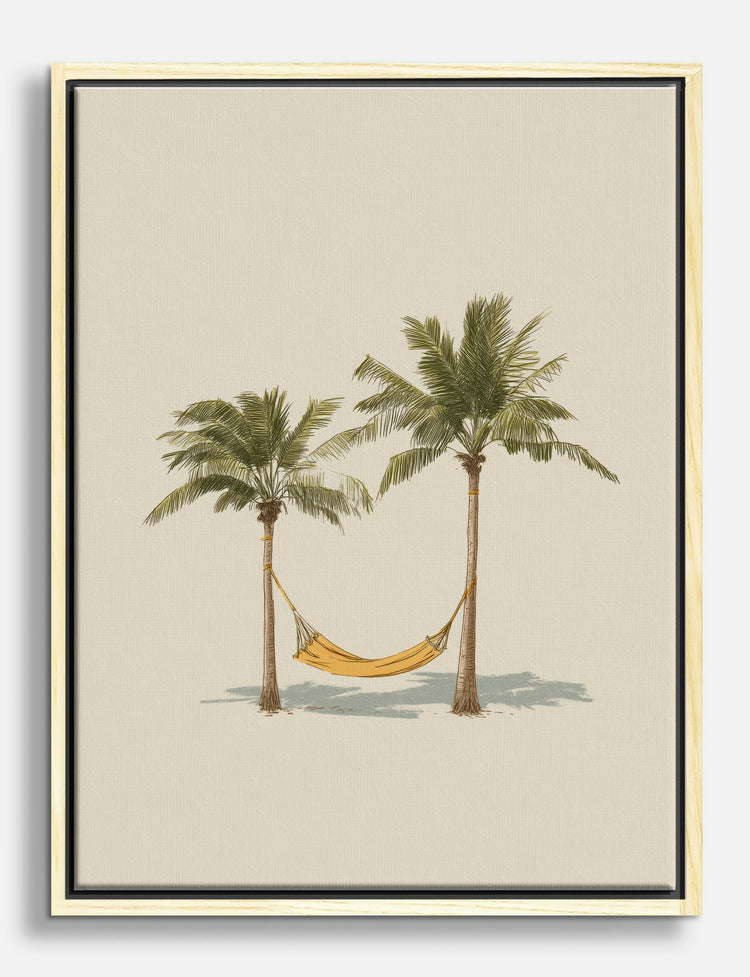 Two palms and a golden hammock—sometimes, serenity really is this simple. Let this tranquil scene bring a laid-back, sun-kissed vibe to your favorite room. It’s a subtle invitation to pause, breathe, and enjoy the easy beauty of your own space.
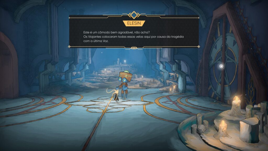 É nesse cenário que surge Mio, um pequeno guardião que dá nome ao jogo. Seu papel não é apenas avançar ou combater inimigos, mas tentar entender o que aconteceu com a Nau, ajudar seus moradores sempre que possível e, principalmente, ouvir suas histórias. A narrativa não é entregue de forma direta, sendo construída aos poucos, conforme você explora cada área e interage com o ambiente.
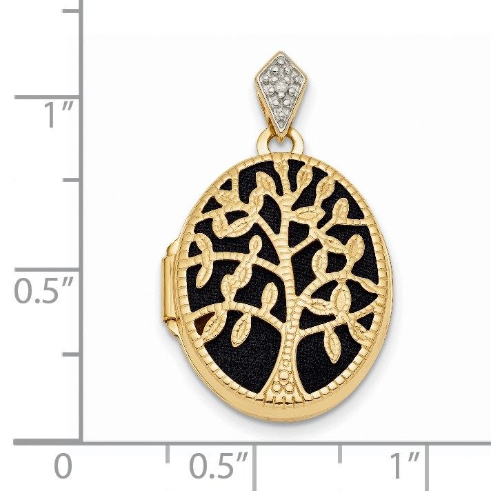 14k Yellow Gold Diamond Black Fabric Oval Tree Locket - 21 mm
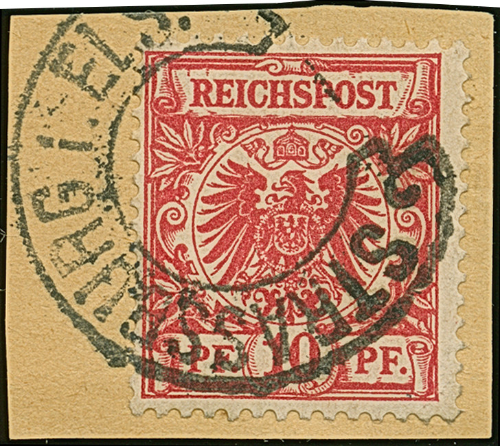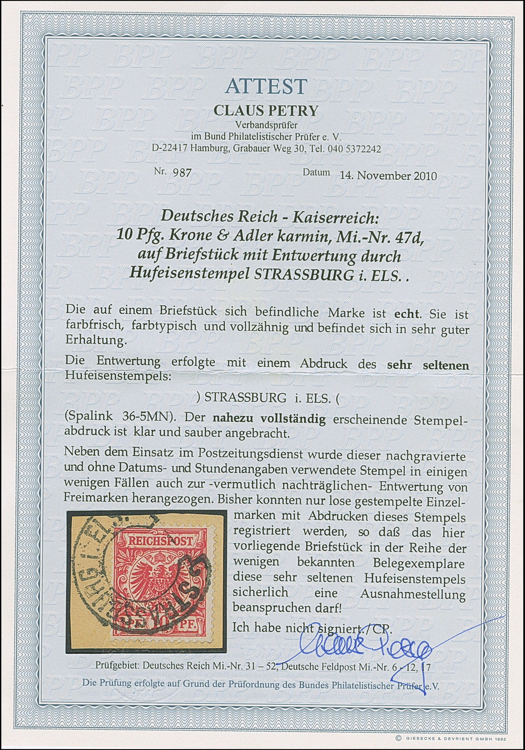 “STRASSBURG i. ELS. ”(Spalink 36-5MN) ohne Datum und Jahr sehr klar auf Krone/Adler 10 Pfg. karmin auf Briefstück in einwandfreier Erhaltung. Eine sehr seltene Innendienstverwendung, sonst nur auf Zeitungen vorkommend. Bisher sind nur ganz wenige Briefstücke mit Marken bekannt und ist mit praktisch komplettem Stempelabdruck eine große Hufeisenstempel-Seltenheit, Fotoattest Petry BPP (2010)
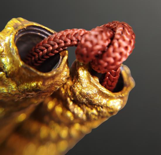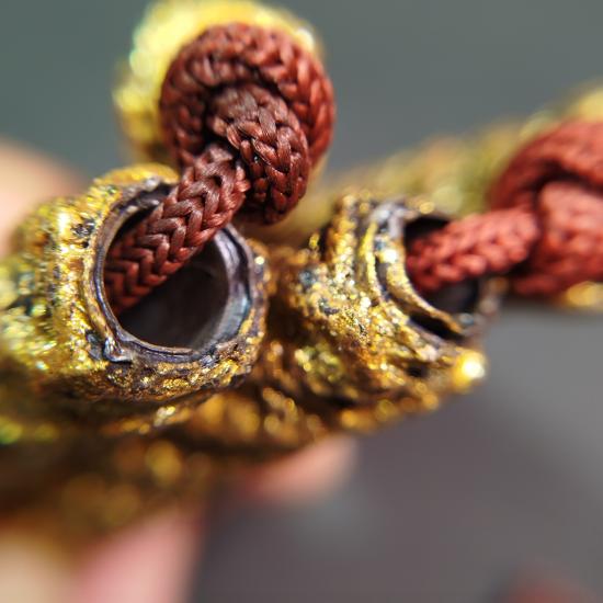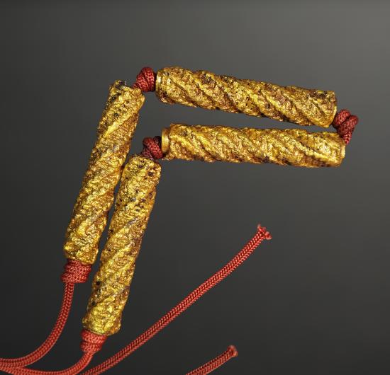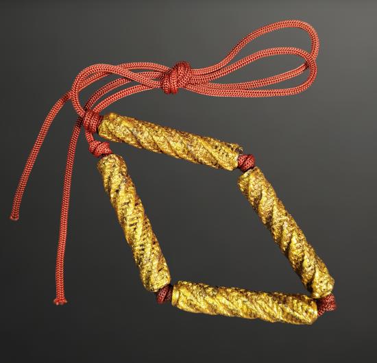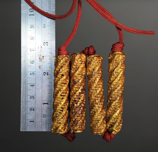 ตะกรุดถักเชือกเนื้อตะกั่ว คาดเอว ไม่ทราบที่ ขนาดตะกรุดยาวดอกละ 2.5 นิ้ว ร้อยเชือกแดง มีสีดอก รายการวัดใจ |
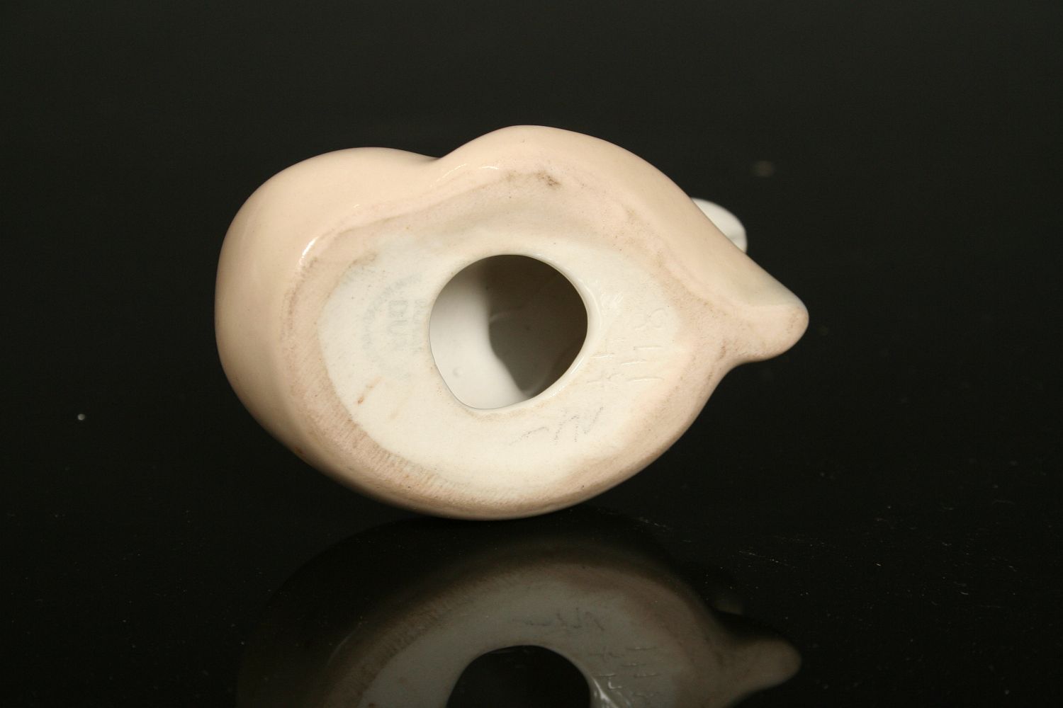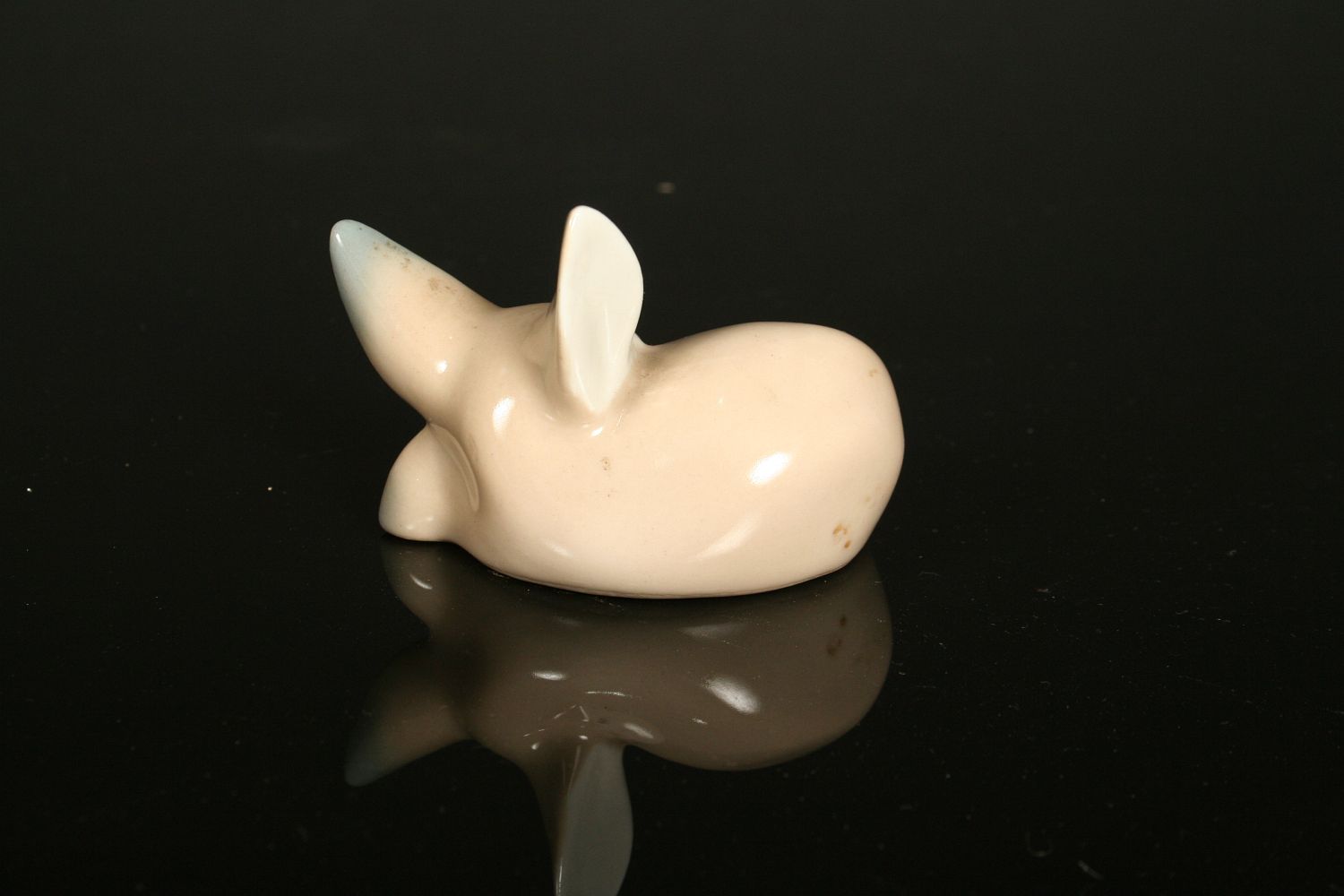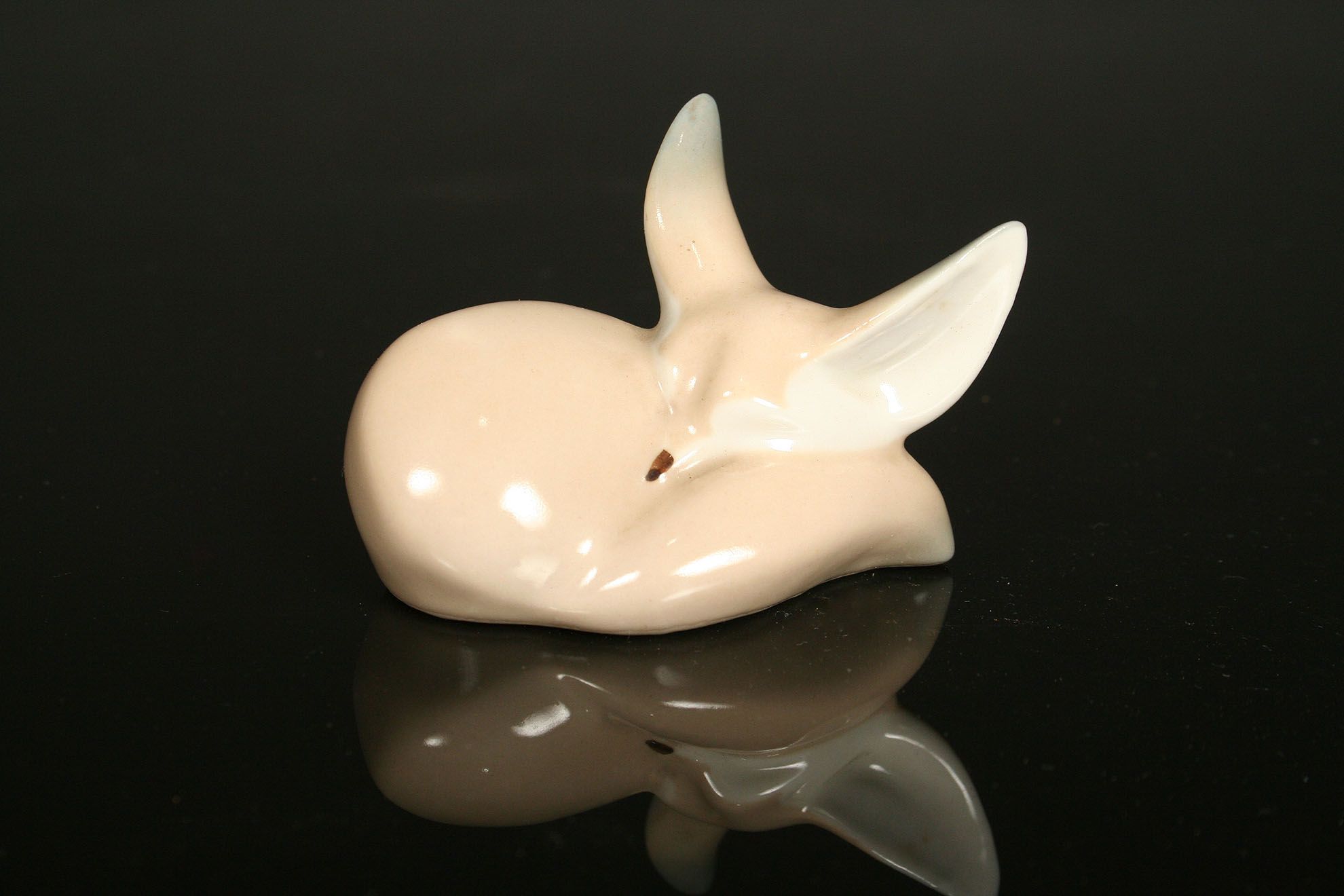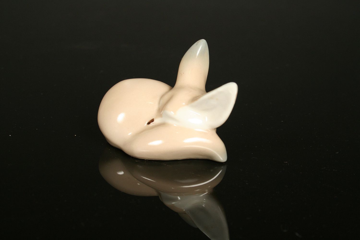 ležící schoulená liška, bílý bílý malovaný porcelán pod glazurou, stylizované provedení, značená na dně starou tištěnou značkou Royal DUX Duchcov 60. léta 20. století, koncem 70. let se již tato značka nepoužívala, 5,5 x 7,5 cm

» TASK TO COMPLETE
Leave the images out and print each entry exactly.

» ANSWER TO THIS PROBLEM
 Two palms and a golden hammock—sometimes, serenity really is this simple. Let this tranquil scene bring a laid-back, sun-kissed vibe to your favorite room. It’s a subtle invitation to pause, breathe, and enjoy the easy beauty of your own space.
 É nesse cenário que surge Mio, um pequeno guardião que dá nome ao jogo. Seu papel não é apenas avançar ou combater inimigos, mas tentar entender o que aconteceu com a Nau, ajudar seus moradores sempre que possível e, principalmente, ouvir suas histórias. A narrativa não é entregue de forma direta, sendo construída aos poucos, conforme você explora cada área e interage com o ambiente.
 14k Yellow Gold Diamond Black Fabric Oval Tree Locket - 21 mm
 “STRASSBURG i. ELS. ”(Spalink 36-5MN) ohne Datum und Jahr sehr klar auf Krone/Adler 10 Pfg. karmin auf Briefstück in einwandfreier Erhaltung. Eine sehr seltene Innendienstverwendung, sonst nur auf Zeitungen vorkommend. Bisher sind nur ganz wenige Briefstücke mit Marken bekannt und ist mit praktisch komplettem Stempelabdruck eine große Hufeisenstempel-Seltenheit, Fotoattest Petry BPP (2010)
 ตะกรุดถักเชือกเนื้อตะกั่ว คาดเอว ไม่ทราบที่ ขนาดตะกรุดยาวดอกละ 2.5 นิ้ว ร้อยเชือกแดง มีสีดอก รายการวัดใจ |
 ležící schoulená liška, bílý bílý malovaný porcelán pod glazurou, stylizované provedení, značená na dně starou tištěnou značkou Royal DUX Duchcov 60. léta 20. století, koncem 70. let se již tato značka nepoužívala, 5,5 x 7,5 cm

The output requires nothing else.